-- Task description --
The output should match, line for line, the records from the line containing "L'évolution du nombre" through the line containing "misura e di", with every picture left out.

-- Records for this task --
- - - - - - -
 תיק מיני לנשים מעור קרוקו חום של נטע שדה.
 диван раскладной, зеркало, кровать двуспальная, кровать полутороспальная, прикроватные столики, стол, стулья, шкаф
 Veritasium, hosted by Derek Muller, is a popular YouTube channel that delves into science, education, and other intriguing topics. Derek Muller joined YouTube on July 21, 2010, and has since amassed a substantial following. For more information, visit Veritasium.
- - - - - - -
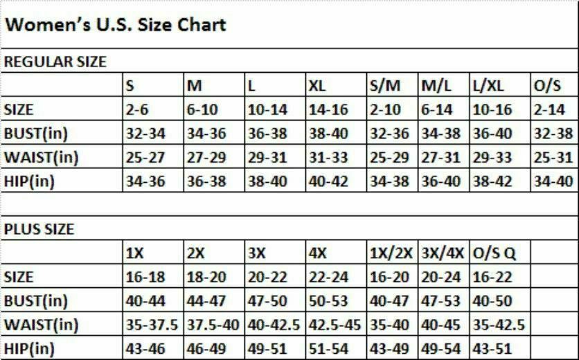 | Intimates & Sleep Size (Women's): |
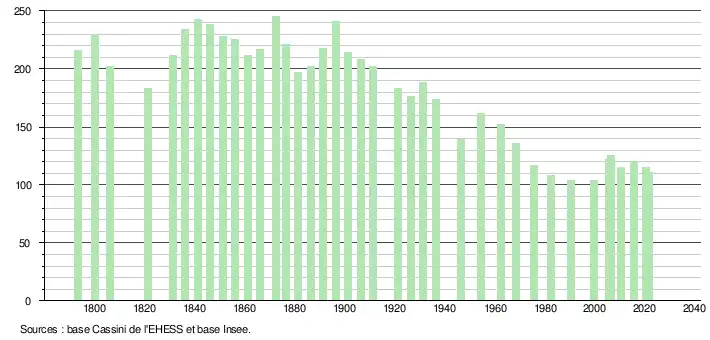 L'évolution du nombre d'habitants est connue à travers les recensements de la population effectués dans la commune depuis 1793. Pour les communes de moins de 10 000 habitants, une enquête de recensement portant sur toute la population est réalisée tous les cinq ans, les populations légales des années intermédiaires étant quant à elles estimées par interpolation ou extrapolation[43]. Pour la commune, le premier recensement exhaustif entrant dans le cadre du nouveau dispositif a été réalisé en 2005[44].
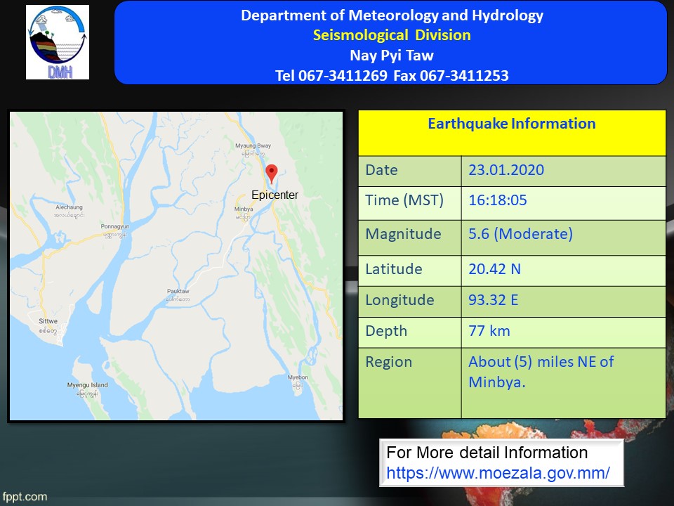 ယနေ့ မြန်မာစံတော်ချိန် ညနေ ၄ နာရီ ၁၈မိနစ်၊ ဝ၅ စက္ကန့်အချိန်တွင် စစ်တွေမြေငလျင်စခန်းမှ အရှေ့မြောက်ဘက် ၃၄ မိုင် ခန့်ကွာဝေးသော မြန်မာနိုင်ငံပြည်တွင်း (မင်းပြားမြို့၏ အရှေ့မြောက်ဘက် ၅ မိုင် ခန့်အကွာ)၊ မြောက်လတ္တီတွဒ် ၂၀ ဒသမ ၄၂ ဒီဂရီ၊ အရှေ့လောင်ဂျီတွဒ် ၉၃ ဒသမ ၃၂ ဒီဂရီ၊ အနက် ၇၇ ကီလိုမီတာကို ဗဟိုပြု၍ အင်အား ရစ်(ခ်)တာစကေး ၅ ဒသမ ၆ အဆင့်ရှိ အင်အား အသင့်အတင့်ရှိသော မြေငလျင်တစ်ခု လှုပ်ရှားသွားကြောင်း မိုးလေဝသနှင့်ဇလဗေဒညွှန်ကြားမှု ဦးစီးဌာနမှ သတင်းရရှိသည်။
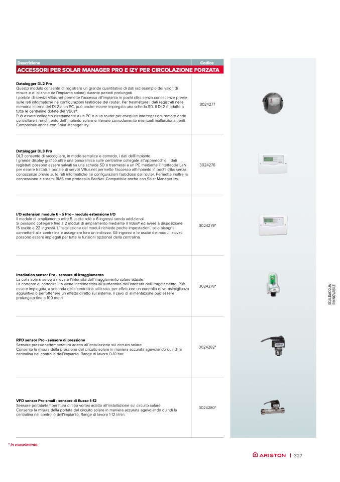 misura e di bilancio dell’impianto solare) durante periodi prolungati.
- - - - - - -
-- Output --
 L'évolution du nombre d'habitants est connue à travers les recensements de la population effectués dans la commune depuis 1793. Pour les communes de moins de 10 000 habitants, une enquête de recensement portant sur toute la population est réalisée tous les cinq ans, les populations légales des années intermédiaires étant quant à elles estimées par interpolation ou extrapolation[43]. Pour la commune, le premier recensement exhaustif entrant dans le cadre du nouveau dispositif a été réalisé en 2005[44].
 ယနေ့ မြန်မာစံတော်ချိန် ညနေ ၄ နာရီ ၁၈မိနစ်၊ ဝ၅ စက္ကန့်အချိန်တွင် စစ်တွေမြေငလျင်စခန်းမှ အရှေ့မြောက်ဘက် ၃၄ မိုင် ခန့်ကွာဝေးသော မြန်မာနိုင်ငံပြည်တွင်း (မင်းပြားမြို့၏ အရှေ့မြောက်ဘက် ၅ မိုင် ခန့်အကွာ)၊ မြောက်လတ္တီတွဒ် ၂၀ ဒသမ ၄၂ ဒီဂရီ၊ အရှေ့လောင်ဂျီတွဒ် ၉၃ ဒသမ ၃၂ ဒီဂရီ၊ အနက် ၇၇ ကီလိုမီတာကို ဗဟိုပြု၍ အင်အား ရစ်(ခ်)တာစကေး ၅ ဒသမ ၆ အဆင့်ရှိ အင်အား အသင့်အတင့်ရှိသော မြေငလျင်တစ်ခု လှုပ်ရှားသွားကြောင်း မိုးလေဝသနှင့်ဇလဗေဒညွှန်ကြားမှု ဦးစီးဌာနမှ သတင်းရရှိသည်။
 misura e di bilancio dell’impianto solare) durante periodi prolungati.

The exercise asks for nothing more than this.